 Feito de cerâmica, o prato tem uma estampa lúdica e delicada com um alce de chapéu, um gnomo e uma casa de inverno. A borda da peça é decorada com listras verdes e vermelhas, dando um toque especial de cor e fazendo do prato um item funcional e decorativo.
---
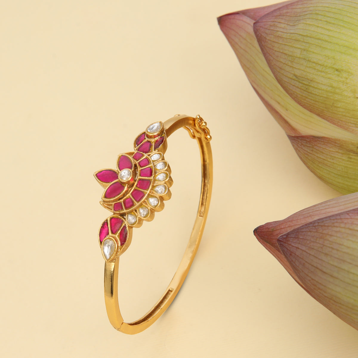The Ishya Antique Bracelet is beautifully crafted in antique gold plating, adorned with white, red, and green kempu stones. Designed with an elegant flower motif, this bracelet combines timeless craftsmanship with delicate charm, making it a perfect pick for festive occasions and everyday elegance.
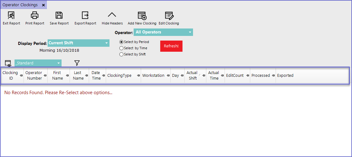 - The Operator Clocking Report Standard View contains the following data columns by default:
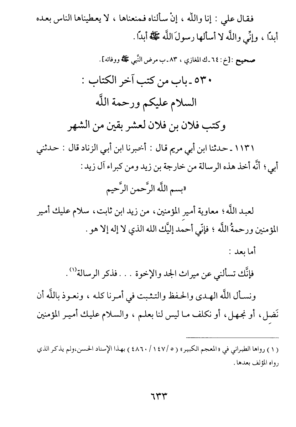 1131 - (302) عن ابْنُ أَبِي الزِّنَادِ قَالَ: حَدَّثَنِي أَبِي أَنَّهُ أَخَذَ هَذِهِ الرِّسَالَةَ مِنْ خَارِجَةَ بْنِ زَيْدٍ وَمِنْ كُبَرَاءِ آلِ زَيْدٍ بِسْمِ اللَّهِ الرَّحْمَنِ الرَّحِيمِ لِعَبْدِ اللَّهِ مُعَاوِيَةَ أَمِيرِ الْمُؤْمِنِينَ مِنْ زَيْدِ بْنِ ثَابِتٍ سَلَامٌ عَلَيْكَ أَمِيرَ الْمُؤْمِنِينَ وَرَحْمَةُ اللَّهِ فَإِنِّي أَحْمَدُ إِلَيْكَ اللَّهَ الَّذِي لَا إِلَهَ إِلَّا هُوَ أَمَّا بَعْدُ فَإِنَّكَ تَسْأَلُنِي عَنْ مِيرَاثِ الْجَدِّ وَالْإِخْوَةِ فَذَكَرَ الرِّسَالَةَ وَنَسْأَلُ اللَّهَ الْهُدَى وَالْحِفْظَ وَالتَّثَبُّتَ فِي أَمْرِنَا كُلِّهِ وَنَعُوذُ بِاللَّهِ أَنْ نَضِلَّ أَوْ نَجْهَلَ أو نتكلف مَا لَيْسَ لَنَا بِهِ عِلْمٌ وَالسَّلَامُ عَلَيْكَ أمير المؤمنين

Your instructions
Give again, exactly as written above, each line from the one that has "The Ishya Antique" to the one that has "- The Operator", both included; omit the pictures.

Exercise answer
The Ishya Antique Bracelet is beautifully crafted in antique gold plating, adorned with white, red, and green kempu stones. Designed with an elegant flower motif, this bracelet combines timeless craftsmanship with delicate charm, making it a perfect pick for festive occasions and everyday elegance.
 - The Operator Clocking Report Standard View contains the following data columns by default:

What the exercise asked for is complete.